WHAT YOU WILL DO ::
Range to repeat from the listing below: the line containing "Heat opens blood" down to the line containing "All results include", both included. Copy it exactly, pictures excluded, and add nothing else.

MATERIAL SUPPLIED ::
-*-

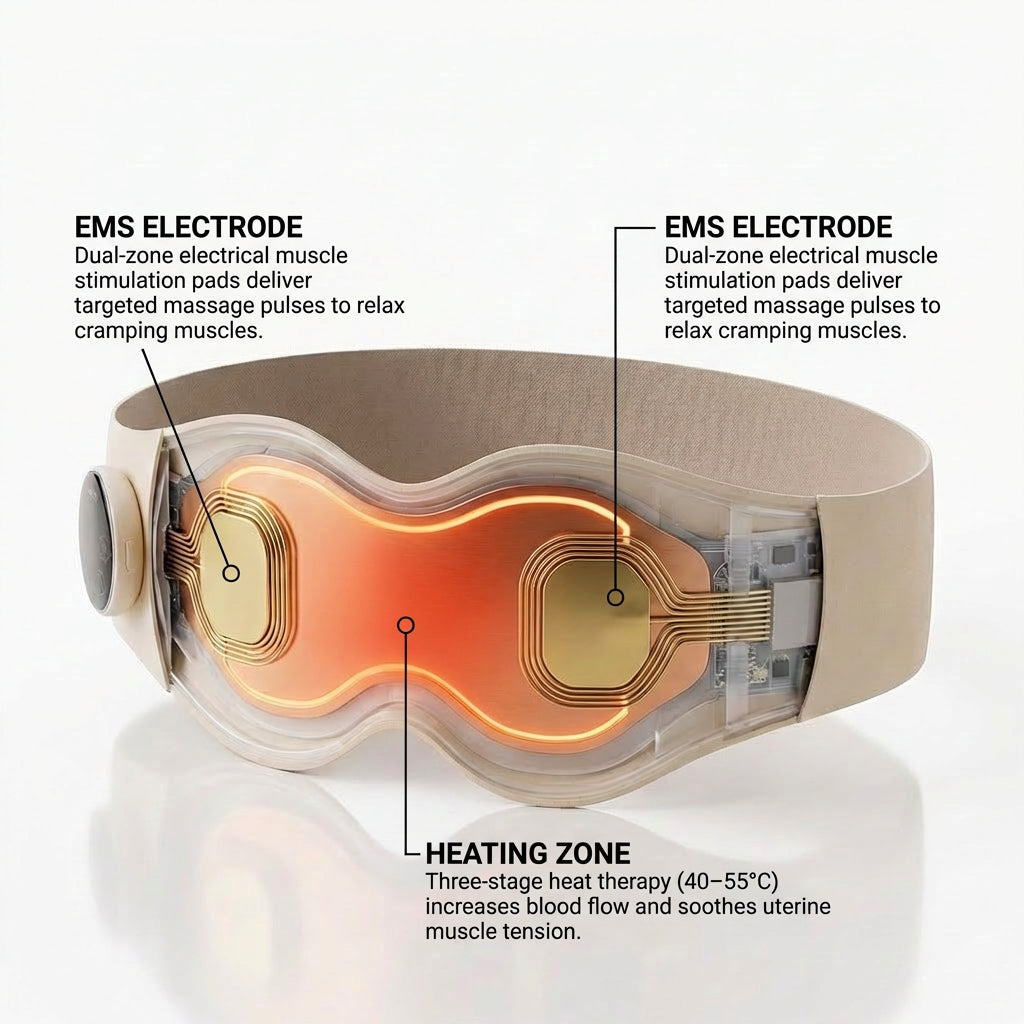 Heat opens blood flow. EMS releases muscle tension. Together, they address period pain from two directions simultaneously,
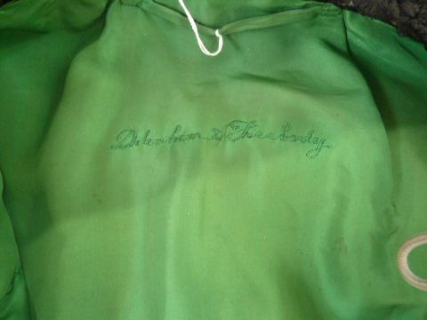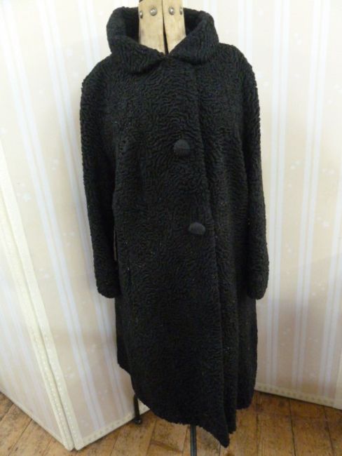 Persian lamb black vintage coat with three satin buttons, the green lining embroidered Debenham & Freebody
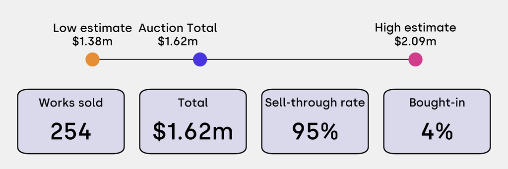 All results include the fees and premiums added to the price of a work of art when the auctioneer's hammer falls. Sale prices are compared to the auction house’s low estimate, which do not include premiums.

-*-

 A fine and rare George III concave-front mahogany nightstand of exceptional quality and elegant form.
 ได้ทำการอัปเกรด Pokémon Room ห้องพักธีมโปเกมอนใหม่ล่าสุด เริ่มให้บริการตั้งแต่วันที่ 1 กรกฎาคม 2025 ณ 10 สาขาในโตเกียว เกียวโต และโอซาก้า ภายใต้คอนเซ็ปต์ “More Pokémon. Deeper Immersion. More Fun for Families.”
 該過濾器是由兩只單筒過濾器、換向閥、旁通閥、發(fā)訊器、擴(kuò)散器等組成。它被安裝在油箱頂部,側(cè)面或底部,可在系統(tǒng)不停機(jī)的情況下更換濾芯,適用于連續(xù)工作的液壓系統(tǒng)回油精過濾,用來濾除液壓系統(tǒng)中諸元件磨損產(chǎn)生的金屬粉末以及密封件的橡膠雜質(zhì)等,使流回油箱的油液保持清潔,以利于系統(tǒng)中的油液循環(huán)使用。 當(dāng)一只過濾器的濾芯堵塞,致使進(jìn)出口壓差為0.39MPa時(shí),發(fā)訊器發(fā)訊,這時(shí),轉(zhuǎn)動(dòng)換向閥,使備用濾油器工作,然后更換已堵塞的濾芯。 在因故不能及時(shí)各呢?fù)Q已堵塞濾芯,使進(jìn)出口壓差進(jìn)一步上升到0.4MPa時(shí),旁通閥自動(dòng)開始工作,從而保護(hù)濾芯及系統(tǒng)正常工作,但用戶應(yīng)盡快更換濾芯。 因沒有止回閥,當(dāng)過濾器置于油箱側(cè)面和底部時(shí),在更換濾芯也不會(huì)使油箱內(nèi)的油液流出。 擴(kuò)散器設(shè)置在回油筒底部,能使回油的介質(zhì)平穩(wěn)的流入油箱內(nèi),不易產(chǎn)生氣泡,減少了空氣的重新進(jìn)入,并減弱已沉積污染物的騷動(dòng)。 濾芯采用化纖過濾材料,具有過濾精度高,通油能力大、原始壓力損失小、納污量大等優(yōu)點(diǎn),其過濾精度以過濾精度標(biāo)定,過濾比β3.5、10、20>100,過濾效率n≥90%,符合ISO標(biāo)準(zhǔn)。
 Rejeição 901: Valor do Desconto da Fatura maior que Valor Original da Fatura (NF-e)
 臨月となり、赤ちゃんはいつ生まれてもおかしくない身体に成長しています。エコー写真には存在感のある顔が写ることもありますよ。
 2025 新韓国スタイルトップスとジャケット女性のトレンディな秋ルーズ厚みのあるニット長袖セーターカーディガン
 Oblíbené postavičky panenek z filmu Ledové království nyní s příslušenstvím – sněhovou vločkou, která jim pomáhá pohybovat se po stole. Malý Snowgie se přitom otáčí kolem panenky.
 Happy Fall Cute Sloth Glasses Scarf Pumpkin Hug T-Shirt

-*-

SOLUTION TO THE EXERCISE ::
 Heat opens blood flow. EMS releases muscle tension. Together, they address period pain from two directions simultaneously,
 Persian lamb black vintage coat with three satin buttons, the green lining embroidered Debenham & Freebody
 All results include the fees and premiums added to the price of a work of art when the auctioneer's hammer falls. Sale prices are compared to the auction house’s low estimate, which do not include premiums.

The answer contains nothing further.